→ **Brief**: Transcribe, word for word and without additions, each line below from the one containing "各コースの訓練内容や募集スケ" through the one containing "निम्नलिखित गाड़ियोंका मार्ग", both ends included.

→ **Material to process**:
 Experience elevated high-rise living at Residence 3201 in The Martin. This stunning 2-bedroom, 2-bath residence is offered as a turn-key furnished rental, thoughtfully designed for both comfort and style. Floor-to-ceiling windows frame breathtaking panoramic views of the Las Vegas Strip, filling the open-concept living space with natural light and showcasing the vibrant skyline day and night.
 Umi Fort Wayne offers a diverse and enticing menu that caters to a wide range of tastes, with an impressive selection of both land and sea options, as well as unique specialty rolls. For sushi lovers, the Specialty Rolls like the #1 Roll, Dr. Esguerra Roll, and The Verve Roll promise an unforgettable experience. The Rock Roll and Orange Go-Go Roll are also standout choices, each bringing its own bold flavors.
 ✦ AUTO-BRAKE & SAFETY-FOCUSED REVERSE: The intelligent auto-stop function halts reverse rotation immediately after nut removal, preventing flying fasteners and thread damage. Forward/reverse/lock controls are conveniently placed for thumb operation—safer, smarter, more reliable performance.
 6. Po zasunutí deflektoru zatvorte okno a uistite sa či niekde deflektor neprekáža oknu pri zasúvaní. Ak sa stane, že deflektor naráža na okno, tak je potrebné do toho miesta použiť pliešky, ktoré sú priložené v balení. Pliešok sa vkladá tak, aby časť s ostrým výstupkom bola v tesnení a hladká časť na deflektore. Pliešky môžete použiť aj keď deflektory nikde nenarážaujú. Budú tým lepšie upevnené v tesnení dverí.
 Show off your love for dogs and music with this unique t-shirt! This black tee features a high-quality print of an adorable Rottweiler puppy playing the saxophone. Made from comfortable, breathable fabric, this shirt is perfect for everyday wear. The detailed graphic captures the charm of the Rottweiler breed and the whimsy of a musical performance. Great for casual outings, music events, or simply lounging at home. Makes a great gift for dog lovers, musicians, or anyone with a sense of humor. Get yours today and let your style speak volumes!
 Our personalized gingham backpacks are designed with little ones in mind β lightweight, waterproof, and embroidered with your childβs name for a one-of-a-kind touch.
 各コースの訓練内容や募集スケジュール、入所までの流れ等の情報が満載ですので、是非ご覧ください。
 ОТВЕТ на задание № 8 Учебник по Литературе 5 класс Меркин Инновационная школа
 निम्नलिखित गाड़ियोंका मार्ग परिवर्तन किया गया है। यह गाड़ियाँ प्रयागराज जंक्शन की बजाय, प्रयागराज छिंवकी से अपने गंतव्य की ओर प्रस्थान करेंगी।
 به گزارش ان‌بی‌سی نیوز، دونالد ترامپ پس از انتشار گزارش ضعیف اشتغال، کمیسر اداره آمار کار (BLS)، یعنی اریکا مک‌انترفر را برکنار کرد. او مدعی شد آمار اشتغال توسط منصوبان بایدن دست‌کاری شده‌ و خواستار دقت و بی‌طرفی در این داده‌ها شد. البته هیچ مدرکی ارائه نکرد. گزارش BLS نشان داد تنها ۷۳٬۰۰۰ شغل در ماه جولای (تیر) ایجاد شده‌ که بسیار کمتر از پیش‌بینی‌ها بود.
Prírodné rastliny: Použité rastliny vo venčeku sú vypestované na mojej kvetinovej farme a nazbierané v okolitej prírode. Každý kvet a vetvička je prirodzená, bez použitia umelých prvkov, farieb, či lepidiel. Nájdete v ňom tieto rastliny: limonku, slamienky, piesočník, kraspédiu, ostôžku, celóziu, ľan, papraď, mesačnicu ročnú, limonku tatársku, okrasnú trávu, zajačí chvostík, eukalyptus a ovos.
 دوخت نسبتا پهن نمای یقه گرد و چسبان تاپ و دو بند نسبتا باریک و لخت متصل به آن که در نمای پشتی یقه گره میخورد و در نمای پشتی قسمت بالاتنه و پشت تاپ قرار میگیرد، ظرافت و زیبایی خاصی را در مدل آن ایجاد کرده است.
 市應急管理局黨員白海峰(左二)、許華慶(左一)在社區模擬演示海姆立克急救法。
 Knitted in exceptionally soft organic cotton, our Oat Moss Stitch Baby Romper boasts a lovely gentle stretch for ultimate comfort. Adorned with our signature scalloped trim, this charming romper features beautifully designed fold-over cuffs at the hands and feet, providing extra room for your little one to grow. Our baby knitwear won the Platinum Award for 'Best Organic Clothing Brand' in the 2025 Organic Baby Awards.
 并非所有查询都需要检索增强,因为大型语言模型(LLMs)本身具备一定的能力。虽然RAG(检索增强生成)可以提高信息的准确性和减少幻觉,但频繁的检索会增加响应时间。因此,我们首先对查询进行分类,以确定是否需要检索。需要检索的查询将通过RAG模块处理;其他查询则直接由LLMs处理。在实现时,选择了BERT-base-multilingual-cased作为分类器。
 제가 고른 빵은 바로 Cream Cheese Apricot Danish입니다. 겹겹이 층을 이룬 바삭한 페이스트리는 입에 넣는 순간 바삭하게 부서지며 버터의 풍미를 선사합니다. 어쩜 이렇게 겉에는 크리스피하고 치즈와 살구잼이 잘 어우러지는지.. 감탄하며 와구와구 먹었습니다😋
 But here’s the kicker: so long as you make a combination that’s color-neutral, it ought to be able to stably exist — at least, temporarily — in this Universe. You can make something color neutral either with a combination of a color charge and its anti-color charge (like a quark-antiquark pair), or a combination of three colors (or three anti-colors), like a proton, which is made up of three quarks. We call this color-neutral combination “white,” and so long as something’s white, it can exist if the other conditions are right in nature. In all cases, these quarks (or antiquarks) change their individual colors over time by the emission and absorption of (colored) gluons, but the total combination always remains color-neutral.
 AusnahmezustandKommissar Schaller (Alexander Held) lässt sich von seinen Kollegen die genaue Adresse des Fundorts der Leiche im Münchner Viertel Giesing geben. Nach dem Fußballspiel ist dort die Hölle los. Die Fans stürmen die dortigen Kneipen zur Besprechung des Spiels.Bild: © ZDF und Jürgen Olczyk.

→ **Exercise solution**:
 各コースの訓練内容や募集スケジュール、入所までの流れ等の情報が満載ですので、是非ご覧ください。
 ОТВЕТ на задание № 8 Учебник по Литературе 5 класс Меркин Инновационная школа
 निम्नलिखित गाड़ियोंका मार्ग परिवर्तन किया गया है। यह गाड़ियाँ प्रयागराज जंक्शन की बजाय, प्रयागराज छिंवकी से अपने गंतव्य की ओर प्रस्थान करेंगी।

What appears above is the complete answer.